「……スズ?」
イヤホン越しに聴こえた声に、振り返る。だが、そこにはゆらゆらと蜃気楼を浮かばせるアスファルトと、蝉の声しかない。ほう、とため息をついて、俺は外した片方のイヤホンを耳につけ直した。
全く、仕方がないな。いつまで経ったって、ここには君が立っているような気がする。君の色が、においが、記憶が。……君の声がする。
「おーい、兄ちゃん!」
「……お、来たか。」
ぶんぶんと、遠くから大きく手を振りながら駆け寄って来る影。弟であるそいつは、俺の目の前まで来ると、「早いね」と笑った。

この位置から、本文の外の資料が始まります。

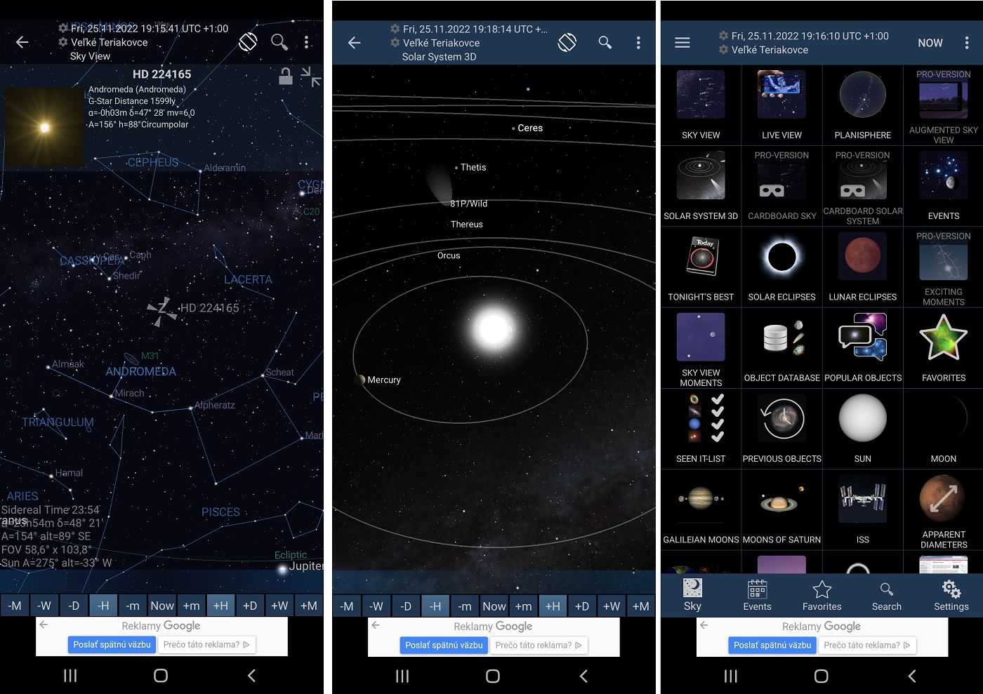 Bohužiaľ, v bezplatnej verzii sú niektoré funkcie zamknuté a obsahuje otravné reklamy na celú obrazovku. Na odomknutie niektorých funkcií je možné pozrieť si krátke reklamné video. K dispozícii sú ale aj samostatné aplikácie Mobile Observatory 2 a 3, ktoré stoja každá 4,99 eura. Pre iOS táto aplikácia opäť nie je, preto ako alternatívu odporúčame Night Sky.
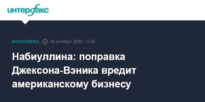 Москва. 16 октября. INTERFAX.RU - Поправка Джексона-Вэника, ограничивающая торговлю между Россией и США, является анахронизмом и может нанести ущерб американским компаниям, заявила министр экономического развития РФ Эльвира Набиуллина. Министр напомнила, что поправка была напрямую связана с возможностью эмиграции евреев из СССР. "Советского Союза давно нет, проблема давно решена, а поправка так и осталась, и она, конечно, никоим образом не должна быть увязана с торговыми отношениями", - отметила Набиуллина.
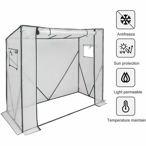 Le matériau est solide et durable: Housse de la serre pour plantes est faite en PE écologique. Étant renforcé avec grille plastique. ce matériau de haute densité de 130 g/m2 est résistant à l’usure. à la corrosion. à la déchirure. à l’eau et aux UV. Cet abri des plantes protège contre le froid et le vent et a pour effet de maintenir la température et l’humidité de l’air et du sol. Constitué de tube en acier laqué de 16 mm de diamètre. le cadre de la serre de jardin est assez stable et inoxydable
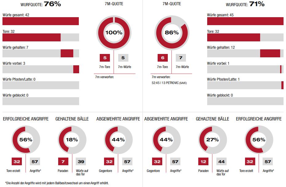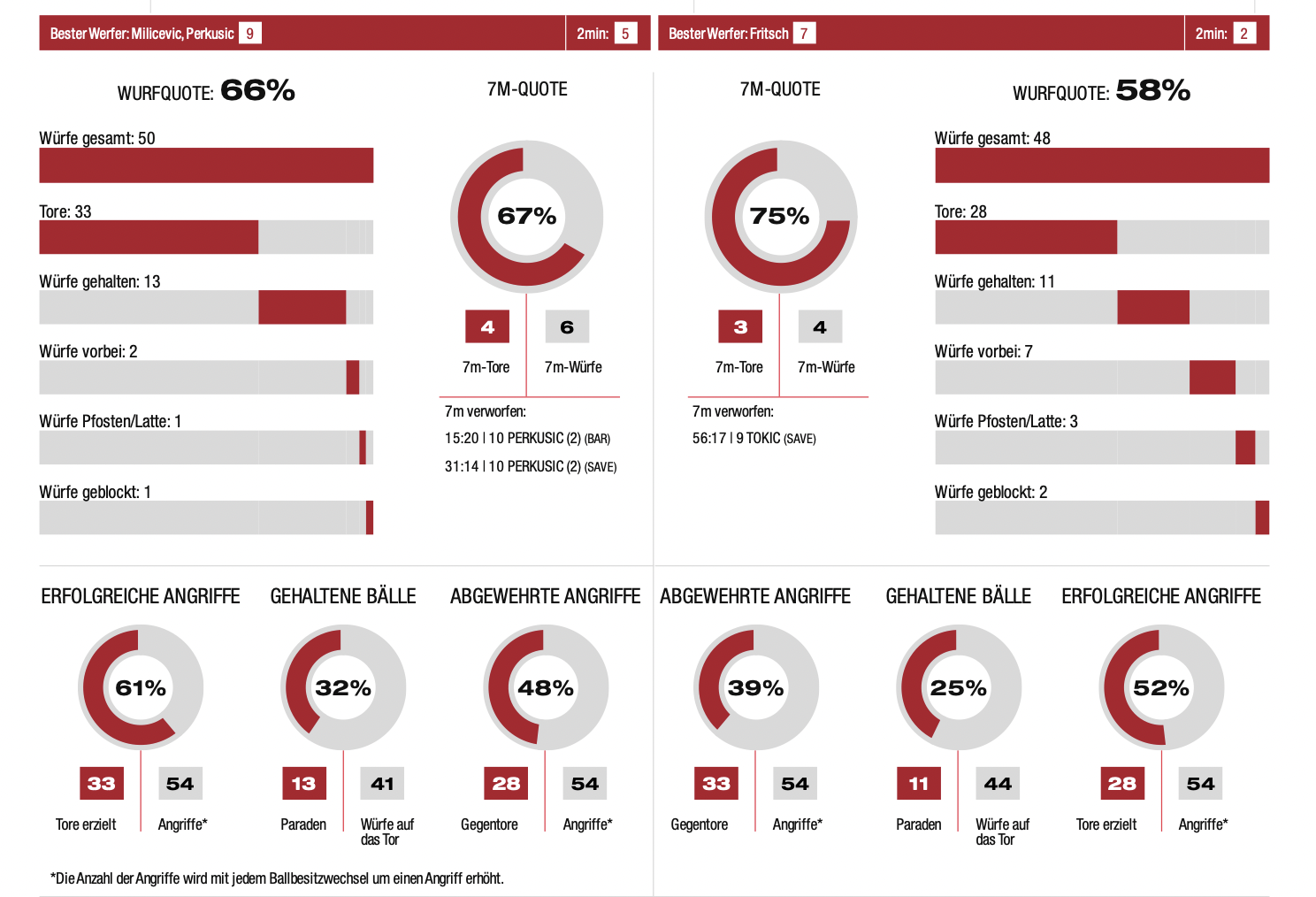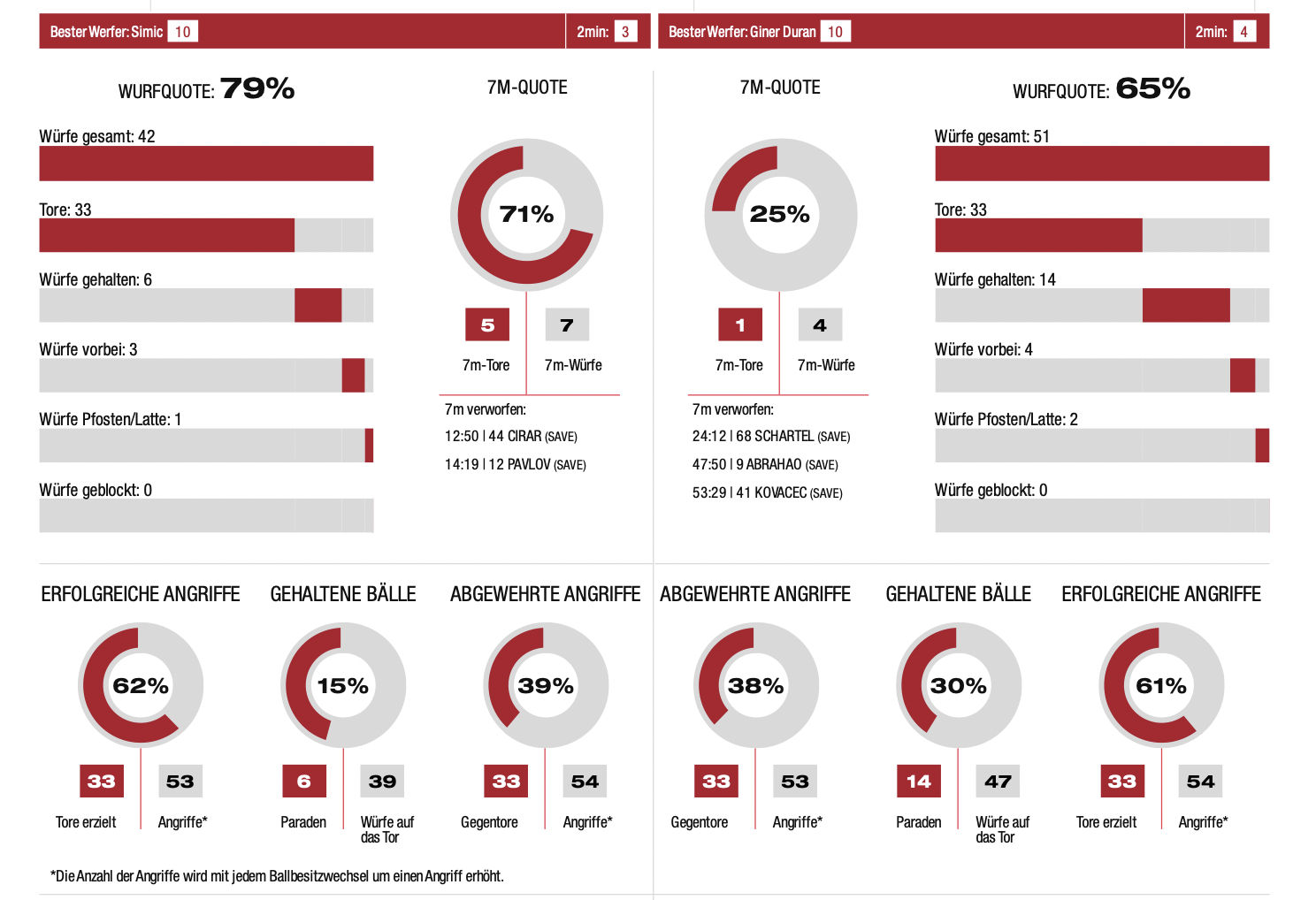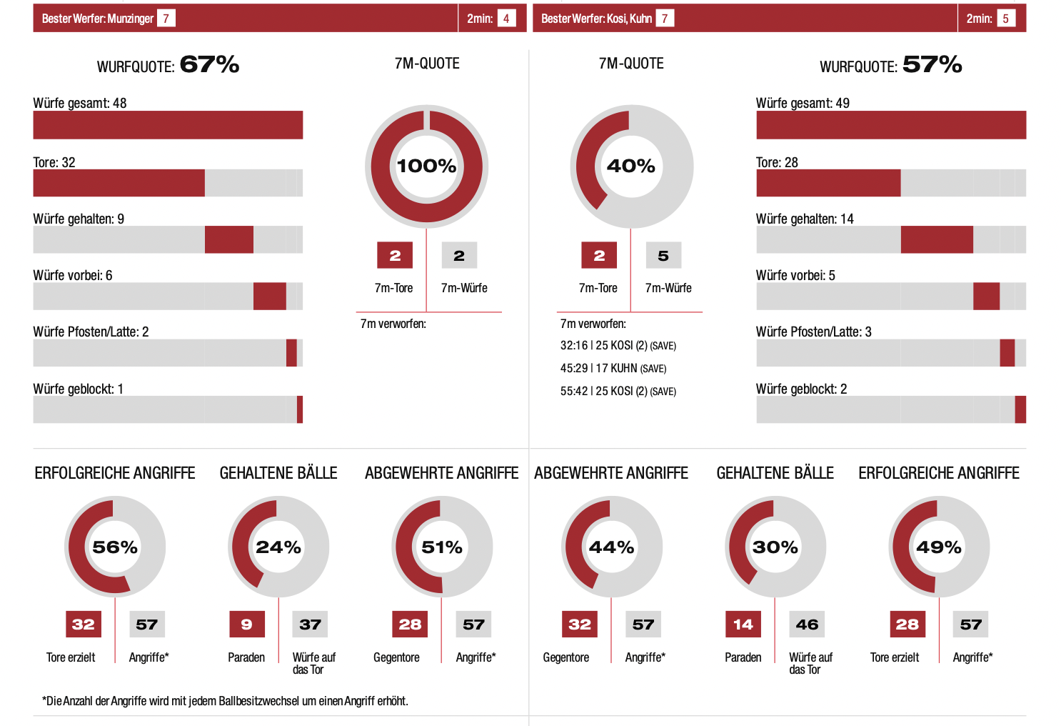 Werfer Bregenz Handball: Mindaugas Dumcius (10), Louis Mönch (4), Tommaso Romei (4), Srdjan Predragovic (4), Dian Ramic (3), Florian Steurer-Wieser (2), Lukas Ulmer (1), Claudio Svecak (1)

「まだ待ち合わせの時間の二十分前だっていうのに。ほんと、兄ちゃんはあの人のことになると、人が変わるよね。」
「そりゃあそうだろ。……あいつは、どうなっても俺の恩人だからな。」
「…………そっか。」
騒々しい蝉の声に、弟の微かな微笑みと二人分の足音が溶けていく。俺の手には、大きな花束がある。手向けとして……あいつへの、贈り物として。
なあ、まだお前の声は聞こえてるよ。だからさ、俺からもせめて、何か受け取ってくれよ。
この花でも、話でも、俺の声でもいい。
どうか、ひとつでも、届きますように 。